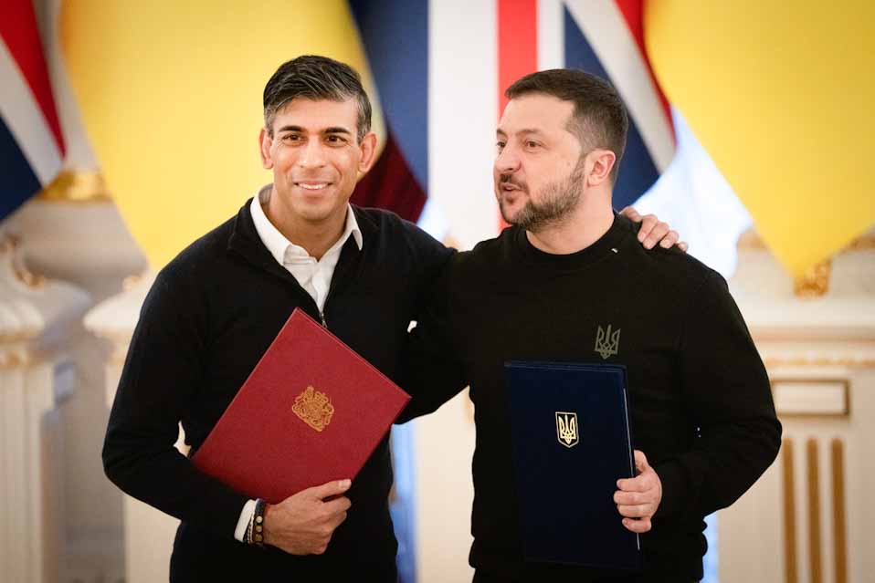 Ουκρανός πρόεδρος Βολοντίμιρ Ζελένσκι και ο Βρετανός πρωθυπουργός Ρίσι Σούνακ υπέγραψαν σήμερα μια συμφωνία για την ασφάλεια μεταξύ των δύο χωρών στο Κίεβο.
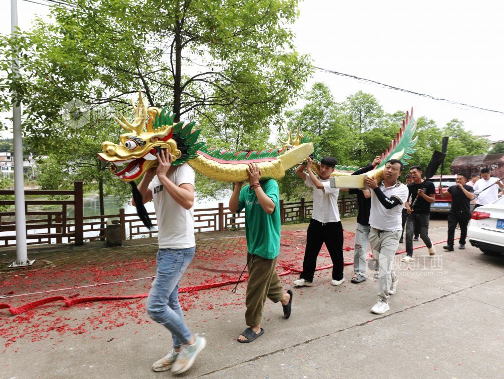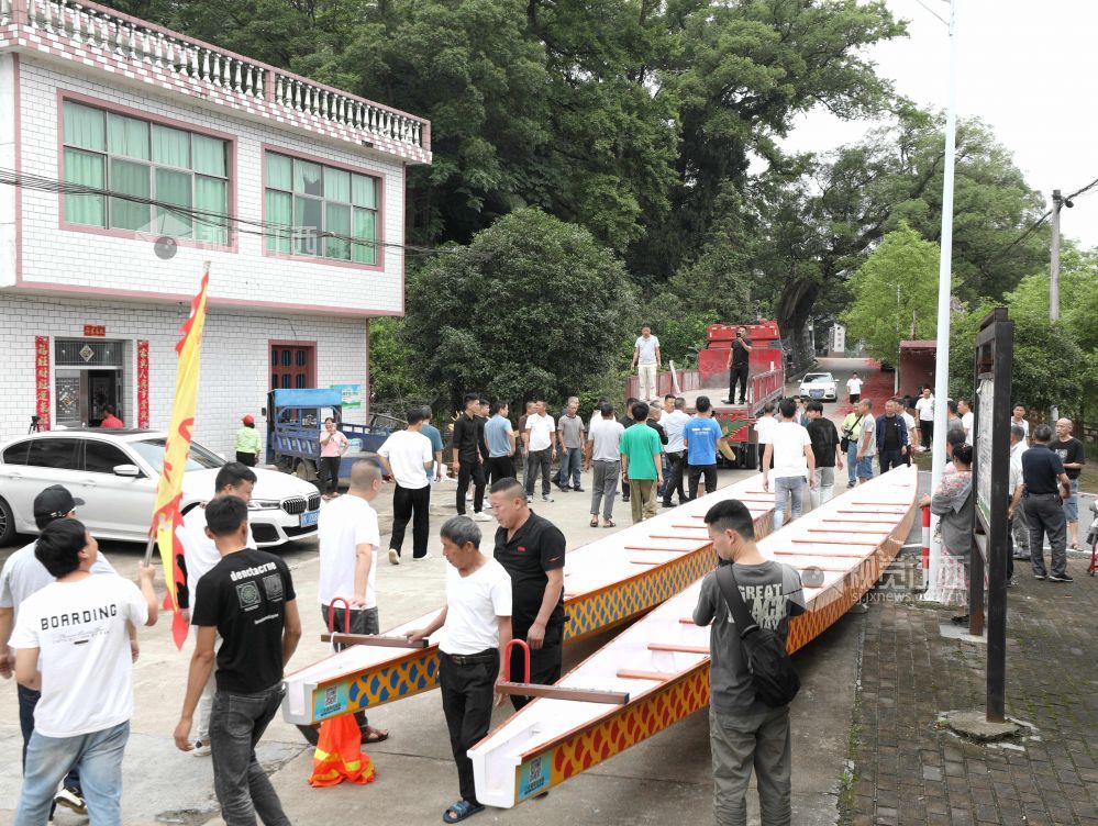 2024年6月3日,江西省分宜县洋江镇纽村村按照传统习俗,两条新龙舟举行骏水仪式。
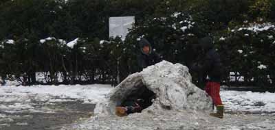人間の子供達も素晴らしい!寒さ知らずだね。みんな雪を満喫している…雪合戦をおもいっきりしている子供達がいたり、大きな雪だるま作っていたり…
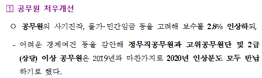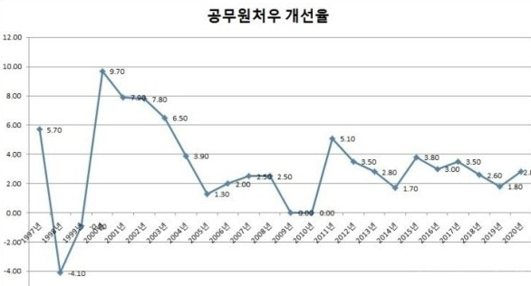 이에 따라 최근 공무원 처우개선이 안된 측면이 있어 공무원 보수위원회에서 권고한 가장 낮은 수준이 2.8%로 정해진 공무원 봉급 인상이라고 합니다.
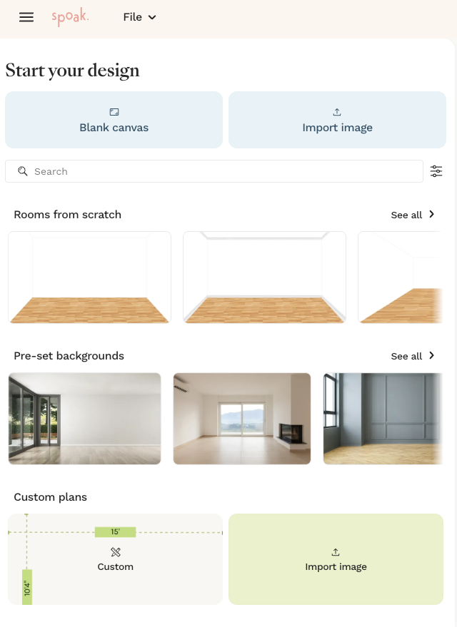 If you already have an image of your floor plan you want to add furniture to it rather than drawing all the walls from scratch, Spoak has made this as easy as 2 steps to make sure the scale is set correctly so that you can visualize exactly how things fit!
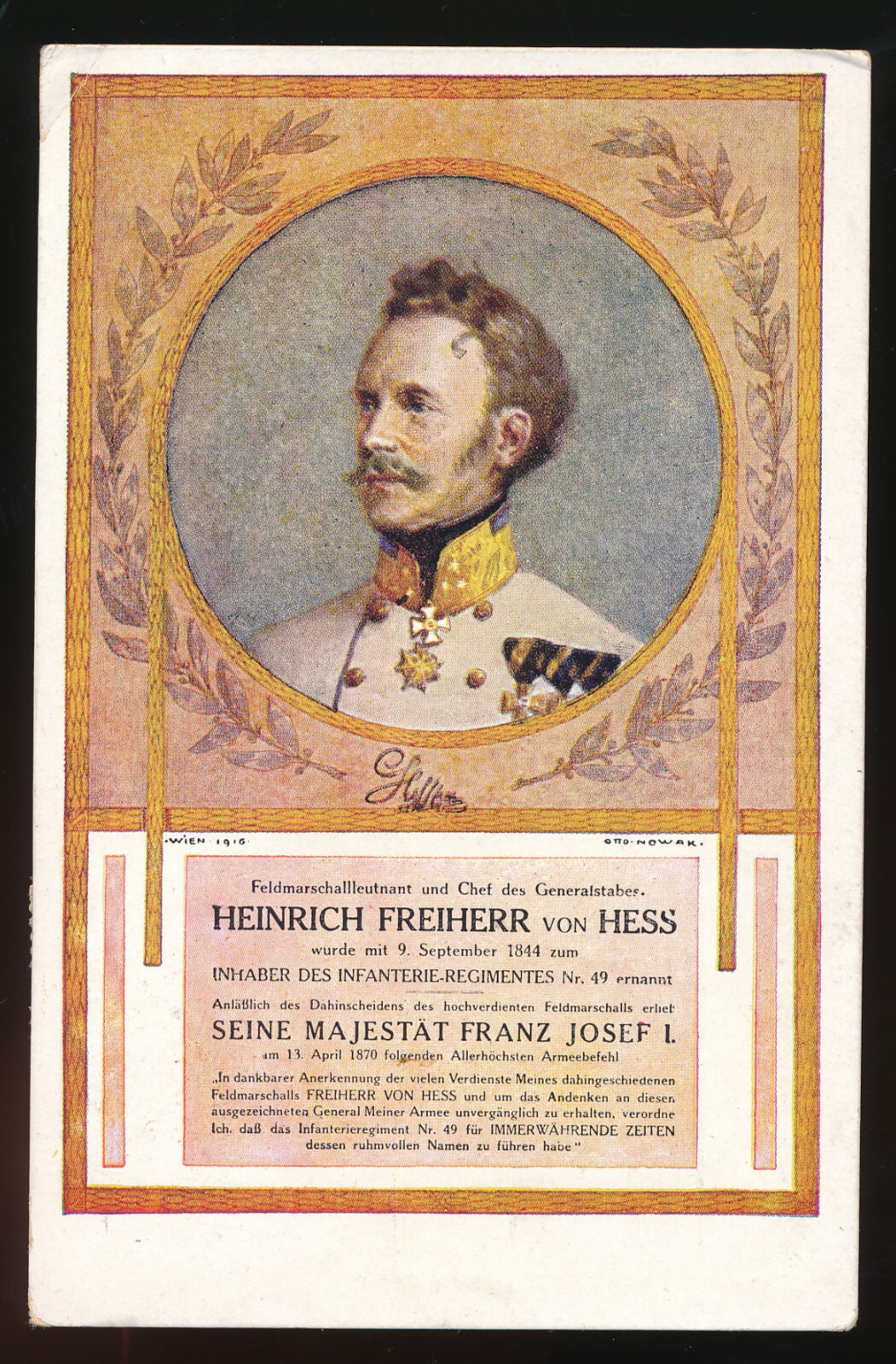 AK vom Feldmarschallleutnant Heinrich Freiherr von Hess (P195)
━━━━━━━━━━━━━━━━━━━━
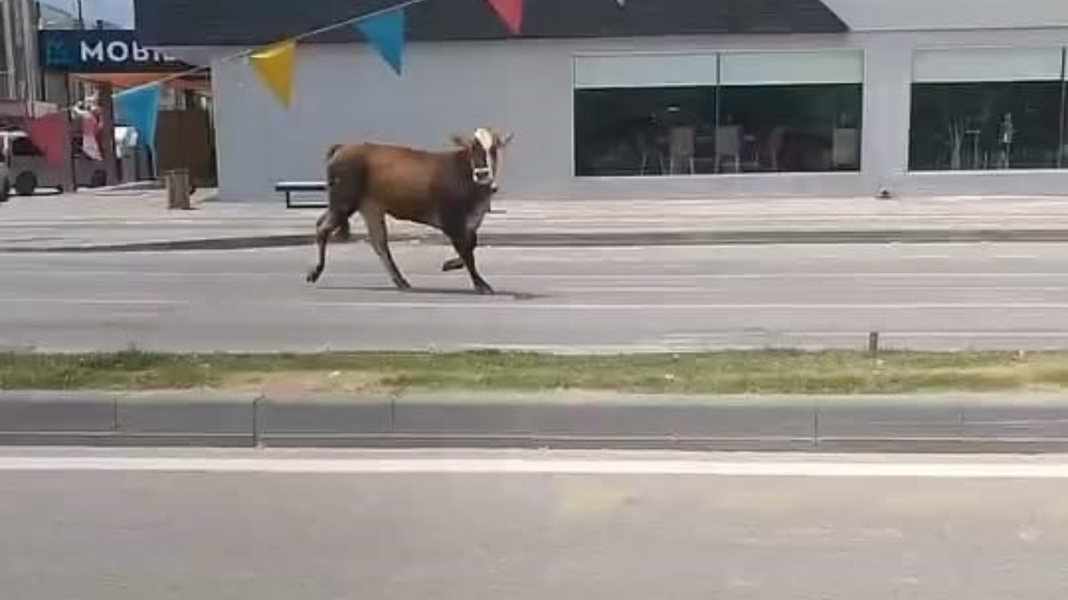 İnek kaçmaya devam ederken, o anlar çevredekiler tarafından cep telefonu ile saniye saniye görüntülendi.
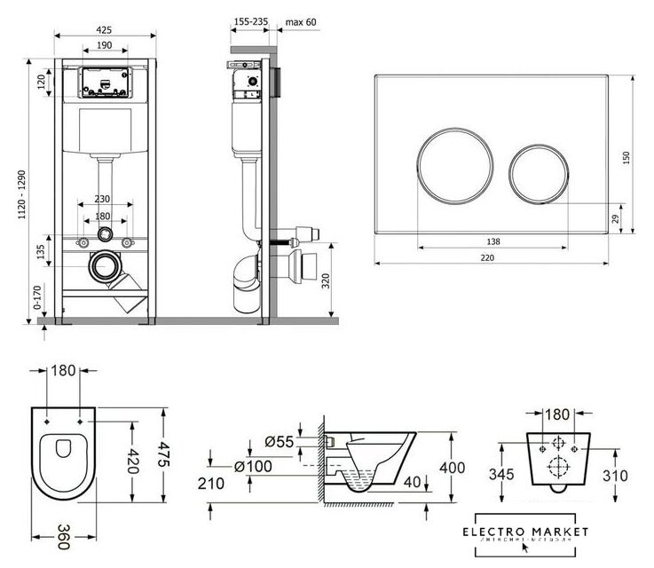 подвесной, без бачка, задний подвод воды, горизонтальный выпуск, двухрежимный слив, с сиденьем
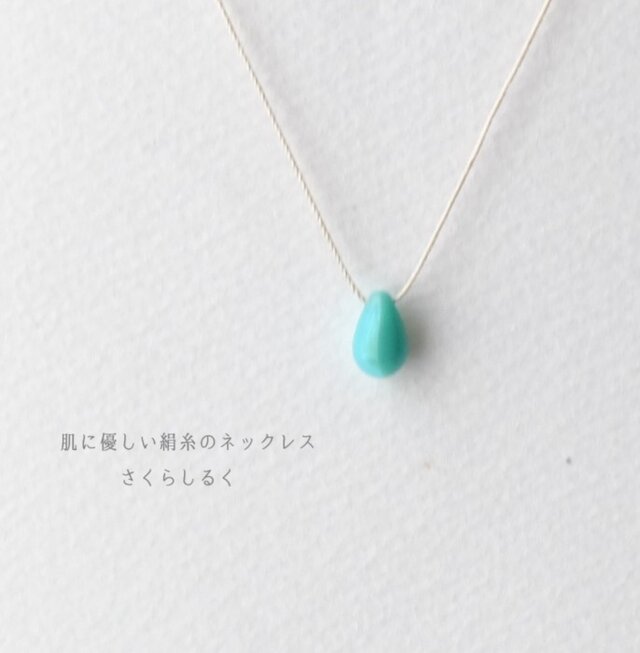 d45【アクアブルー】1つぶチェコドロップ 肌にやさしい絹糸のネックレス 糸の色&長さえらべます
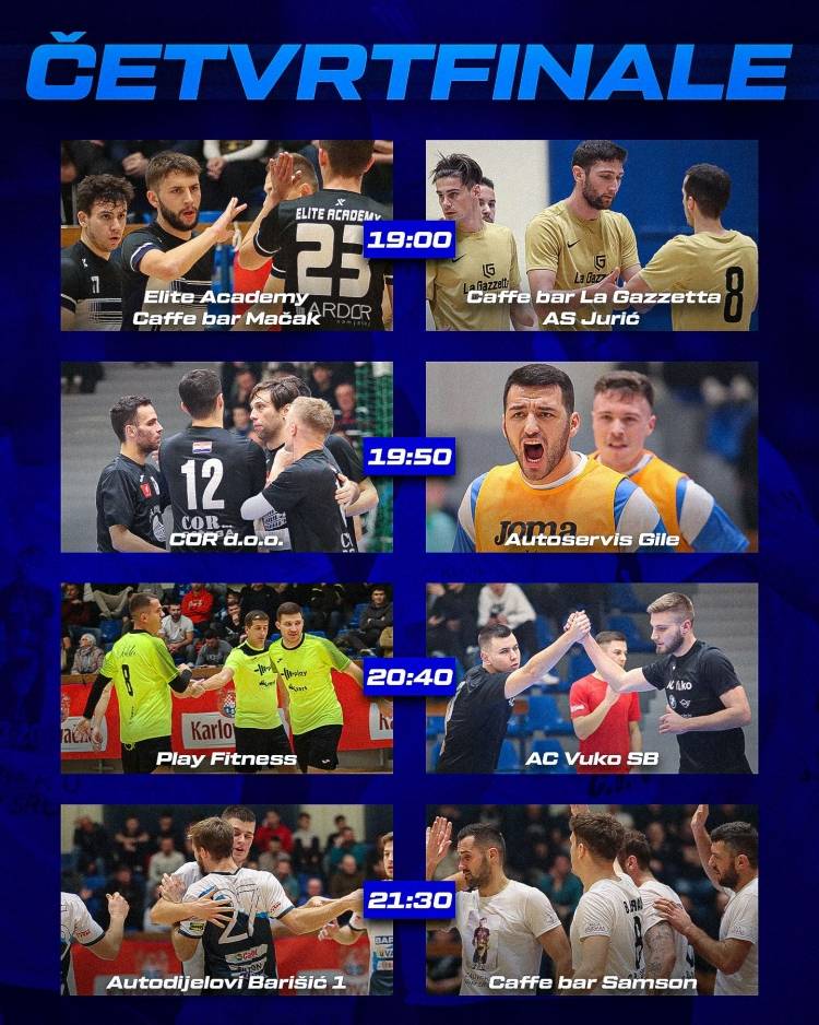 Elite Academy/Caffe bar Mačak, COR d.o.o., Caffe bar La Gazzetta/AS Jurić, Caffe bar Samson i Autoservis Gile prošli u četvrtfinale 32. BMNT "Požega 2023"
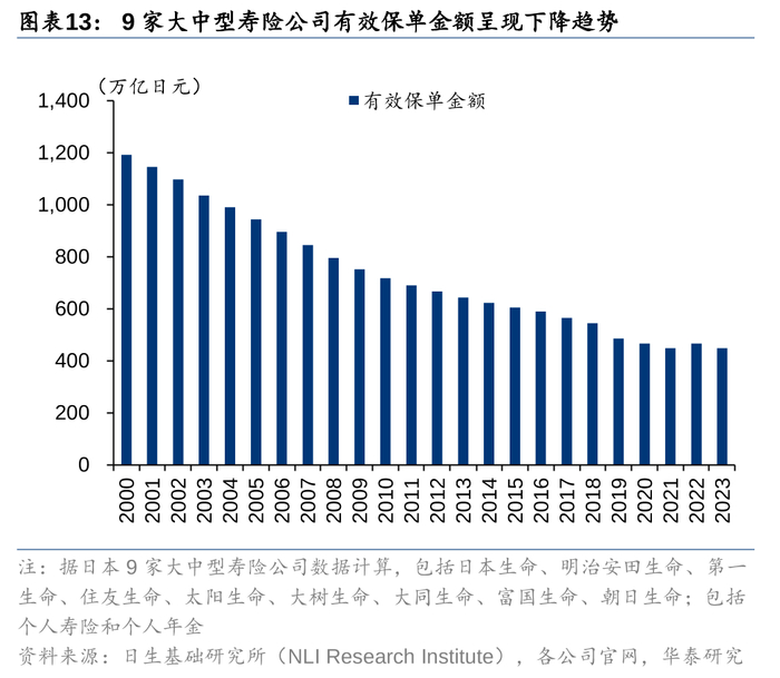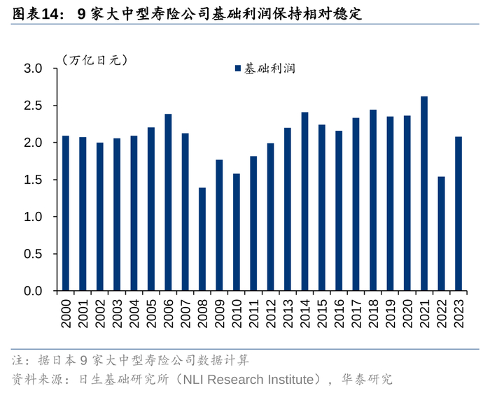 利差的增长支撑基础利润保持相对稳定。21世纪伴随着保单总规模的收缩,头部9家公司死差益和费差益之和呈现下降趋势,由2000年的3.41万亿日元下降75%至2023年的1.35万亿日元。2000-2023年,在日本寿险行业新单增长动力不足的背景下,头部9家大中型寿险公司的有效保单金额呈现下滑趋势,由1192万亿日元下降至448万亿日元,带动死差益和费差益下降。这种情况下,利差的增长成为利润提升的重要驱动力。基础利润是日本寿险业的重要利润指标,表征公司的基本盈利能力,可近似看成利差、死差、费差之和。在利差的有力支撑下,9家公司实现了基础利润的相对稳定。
━━━━━━━━━━━━━━━━━━━━
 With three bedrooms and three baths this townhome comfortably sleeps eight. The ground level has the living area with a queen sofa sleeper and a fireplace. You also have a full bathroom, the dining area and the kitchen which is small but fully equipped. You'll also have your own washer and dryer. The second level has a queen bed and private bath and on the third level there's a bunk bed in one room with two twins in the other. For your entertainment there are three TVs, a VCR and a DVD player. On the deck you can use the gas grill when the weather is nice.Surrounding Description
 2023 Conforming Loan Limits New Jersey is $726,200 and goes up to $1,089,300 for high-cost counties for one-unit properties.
━━━━━━━━━━━━━━━━━━━━
**PROBLEM:**
Copy only this from above: the line containing "Ουκρανός πρόεδρος Βολοντίμιρ", the line containing "이에 따라 최근 공무원", and all lines between, printed exactly. Leave out the pictures.

**PROBLEM SOLUTION:**
 Ουκρανός πρόεδρος Βολοντίμιρ Ζελένσκι και ο Βρετανός πρωθυπουργός Ρίσι Σούνακ υπέγραψαν σήμερα μια συμφωνία για την ασφάλεια μεταξύ των δύο χωρών στο Κίεβο.
 2024年6月3日,江西省分宜县洋江镇纽村村按照传统习俗,两条新龙舟举行骏水仪式。
人間の子供達も素晴らしい!寒さ知らずだね。みんな雪を満喫している…雪合戦をおもいっきりしている子供達がいたり、大きな雪だるま作っていたり…
 이에 따라 최근 공무원 처우개선이 안된 측면이 있어 공무원 보수위원회에서 권고한 가장 낮은 수준이 2.8%로 정해진 공무원 봉급 인상이라고 합니다.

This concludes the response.